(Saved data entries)
+++

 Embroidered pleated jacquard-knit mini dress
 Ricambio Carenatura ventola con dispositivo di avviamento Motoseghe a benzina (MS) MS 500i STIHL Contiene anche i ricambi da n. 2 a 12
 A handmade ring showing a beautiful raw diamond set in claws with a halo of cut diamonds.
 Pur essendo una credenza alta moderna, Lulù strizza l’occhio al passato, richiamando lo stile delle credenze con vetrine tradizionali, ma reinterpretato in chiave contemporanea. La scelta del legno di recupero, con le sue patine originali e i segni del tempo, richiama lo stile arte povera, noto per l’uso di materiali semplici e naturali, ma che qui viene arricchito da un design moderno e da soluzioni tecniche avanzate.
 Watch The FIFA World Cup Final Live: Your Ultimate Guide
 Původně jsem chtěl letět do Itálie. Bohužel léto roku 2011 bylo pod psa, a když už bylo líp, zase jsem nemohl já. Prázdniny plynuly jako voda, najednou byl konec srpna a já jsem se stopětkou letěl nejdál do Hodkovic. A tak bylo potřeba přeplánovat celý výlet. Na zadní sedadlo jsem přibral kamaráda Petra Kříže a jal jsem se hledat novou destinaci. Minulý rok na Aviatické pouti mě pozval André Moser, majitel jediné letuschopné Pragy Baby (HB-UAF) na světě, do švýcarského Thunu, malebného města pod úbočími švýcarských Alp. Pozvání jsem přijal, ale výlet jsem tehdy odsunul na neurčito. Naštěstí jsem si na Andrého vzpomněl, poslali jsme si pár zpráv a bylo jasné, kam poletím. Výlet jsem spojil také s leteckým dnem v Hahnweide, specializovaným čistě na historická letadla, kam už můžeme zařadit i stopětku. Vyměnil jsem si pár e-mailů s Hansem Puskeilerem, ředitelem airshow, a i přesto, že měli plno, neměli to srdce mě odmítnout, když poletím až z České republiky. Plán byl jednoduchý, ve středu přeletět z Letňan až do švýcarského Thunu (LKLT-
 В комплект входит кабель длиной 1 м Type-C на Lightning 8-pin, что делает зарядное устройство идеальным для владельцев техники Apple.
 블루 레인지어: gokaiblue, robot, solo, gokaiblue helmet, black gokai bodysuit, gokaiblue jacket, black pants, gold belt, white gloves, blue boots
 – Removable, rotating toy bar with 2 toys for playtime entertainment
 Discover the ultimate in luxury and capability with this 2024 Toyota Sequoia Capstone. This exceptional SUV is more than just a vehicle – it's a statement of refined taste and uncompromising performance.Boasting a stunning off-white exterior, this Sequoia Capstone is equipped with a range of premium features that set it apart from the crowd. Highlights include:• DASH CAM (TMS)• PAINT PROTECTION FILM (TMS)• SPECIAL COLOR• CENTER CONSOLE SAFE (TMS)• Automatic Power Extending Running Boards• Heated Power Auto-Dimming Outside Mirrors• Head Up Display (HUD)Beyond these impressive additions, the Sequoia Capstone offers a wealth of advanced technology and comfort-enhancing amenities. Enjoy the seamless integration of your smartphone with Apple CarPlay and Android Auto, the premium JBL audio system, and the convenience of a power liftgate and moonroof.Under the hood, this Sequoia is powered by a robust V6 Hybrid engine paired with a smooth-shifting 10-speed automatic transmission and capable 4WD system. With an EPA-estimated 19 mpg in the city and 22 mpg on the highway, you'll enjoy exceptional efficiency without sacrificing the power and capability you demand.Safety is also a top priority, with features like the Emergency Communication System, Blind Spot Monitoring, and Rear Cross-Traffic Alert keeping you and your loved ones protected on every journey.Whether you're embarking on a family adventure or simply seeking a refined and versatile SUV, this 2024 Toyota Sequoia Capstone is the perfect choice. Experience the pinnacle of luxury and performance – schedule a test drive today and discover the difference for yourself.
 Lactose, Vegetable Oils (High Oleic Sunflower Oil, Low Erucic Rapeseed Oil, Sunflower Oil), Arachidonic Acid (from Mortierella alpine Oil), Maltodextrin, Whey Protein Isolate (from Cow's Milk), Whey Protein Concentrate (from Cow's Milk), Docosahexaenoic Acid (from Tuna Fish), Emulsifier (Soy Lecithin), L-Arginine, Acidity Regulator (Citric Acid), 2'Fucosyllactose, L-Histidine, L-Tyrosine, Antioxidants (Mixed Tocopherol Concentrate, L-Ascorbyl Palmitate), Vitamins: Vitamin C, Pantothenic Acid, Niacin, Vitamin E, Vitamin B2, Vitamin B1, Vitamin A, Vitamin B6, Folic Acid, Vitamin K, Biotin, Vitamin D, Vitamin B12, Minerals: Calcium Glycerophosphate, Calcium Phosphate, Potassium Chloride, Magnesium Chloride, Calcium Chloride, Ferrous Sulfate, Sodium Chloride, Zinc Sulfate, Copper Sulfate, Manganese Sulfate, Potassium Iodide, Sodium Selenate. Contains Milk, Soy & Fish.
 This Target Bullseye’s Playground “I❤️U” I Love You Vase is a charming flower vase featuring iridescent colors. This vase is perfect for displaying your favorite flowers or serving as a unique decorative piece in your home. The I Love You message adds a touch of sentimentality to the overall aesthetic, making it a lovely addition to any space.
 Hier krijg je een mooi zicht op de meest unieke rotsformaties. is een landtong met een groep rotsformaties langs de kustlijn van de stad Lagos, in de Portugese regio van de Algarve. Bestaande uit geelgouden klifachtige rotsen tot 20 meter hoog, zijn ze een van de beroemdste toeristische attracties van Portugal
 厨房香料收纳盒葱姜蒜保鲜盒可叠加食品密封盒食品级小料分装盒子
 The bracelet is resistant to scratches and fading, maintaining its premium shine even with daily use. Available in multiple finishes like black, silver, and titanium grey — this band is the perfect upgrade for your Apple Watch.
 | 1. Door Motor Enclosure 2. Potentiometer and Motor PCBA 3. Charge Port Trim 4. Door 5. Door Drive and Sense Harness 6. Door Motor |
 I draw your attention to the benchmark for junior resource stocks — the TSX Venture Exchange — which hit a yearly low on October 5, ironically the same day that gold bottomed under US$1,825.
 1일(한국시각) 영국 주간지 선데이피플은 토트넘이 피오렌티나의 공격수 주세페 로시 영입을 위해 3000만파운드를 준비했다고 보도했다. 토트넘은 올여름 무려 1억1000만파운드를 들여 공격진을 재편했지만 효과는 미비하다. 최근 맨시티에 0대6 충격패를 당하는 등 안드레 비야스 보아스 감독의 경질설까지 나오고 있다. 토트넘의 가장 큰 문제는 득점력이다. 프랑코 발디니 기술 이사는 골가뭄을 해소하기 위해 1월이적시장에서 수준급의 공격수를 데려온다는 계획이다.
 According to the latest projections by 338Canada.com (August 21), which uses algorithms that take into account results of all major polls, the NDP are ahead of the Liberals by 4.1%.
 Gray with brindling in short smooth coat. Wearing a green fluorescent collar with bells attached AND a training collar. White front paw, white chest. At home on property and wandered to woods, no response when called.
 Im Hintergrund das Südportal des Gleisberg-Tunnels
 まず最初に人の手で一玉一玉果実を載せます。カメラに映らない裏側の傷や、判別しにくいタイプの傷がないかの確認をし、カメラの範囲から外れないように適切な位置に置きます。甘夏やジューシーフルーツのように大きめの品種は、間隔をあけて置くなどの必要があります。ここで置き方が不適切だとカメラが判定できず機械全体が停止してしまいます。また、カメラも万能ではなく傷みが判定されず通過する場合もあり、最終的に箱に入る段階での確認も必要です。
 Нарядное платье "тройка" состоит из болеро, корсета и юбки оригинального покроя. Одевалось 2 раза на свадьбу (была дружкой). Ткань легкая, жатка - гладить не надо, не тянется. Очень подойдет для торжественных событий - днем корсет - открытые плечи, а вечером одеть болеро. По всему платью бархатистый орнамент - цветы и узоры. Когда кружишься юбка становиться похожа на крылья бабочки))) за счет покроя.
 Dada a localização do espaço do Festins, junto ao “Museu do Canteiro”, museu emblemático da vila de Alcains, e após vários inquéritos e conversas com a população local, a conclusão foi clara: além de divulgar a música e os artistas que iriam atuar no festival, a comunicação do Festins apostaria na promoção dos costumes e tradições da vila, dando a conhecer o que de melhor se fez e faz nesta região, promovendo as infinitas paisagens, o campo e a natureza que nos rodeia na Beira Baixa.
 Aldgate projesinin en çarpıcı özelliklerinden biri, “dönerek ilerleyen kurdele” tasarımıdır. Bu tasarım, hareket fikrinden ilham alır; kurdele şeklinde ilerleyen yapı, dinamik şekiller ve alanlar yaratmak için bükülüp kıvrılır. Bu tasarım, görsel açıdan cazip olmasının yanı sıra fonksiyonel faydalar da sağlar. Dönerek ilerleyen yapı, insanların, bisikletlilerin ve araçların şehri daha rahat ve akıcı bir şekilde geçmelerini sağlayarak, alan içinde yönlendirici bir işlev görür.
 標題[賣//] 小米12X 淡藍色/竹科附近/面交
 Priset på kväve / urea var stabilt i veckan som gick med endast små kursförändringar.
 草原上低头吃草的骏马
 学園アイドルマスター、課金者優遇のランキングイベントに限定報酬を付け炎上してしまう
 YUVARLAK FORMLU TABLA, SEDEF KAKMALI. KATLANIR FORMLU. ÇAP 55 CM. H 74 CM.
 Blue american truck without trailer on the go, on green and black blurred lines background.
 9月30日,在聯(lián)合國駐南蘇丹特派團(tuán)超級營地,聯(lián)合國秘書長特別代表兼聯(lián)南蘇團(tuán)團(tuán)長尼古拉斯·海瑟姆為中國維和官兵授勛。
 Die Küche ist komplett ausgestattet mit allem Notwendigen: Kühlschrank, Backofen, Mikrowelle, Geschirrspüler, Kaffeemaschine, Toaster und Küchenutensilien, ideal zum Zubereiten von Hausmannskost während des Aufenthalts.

+++

EXERCISE DIRECTIONS –
Starting at the first line of the records above, please copy each line exactly until you reach the line containing "A handmade ring". Include that line and stop there.

RESPONSE BELOW –
 Embroidered pleated jacquard-knit mini dress
 Ricambio Carenatura ventola con dispositivo di avviamento Motoseghe a benzina (MS) MS 500i STIHL Contiene anche i ricambi da n. 2 a 12
 A handmade ring showing a beautiful raw diamond set in claws with a halo of cut diamonds.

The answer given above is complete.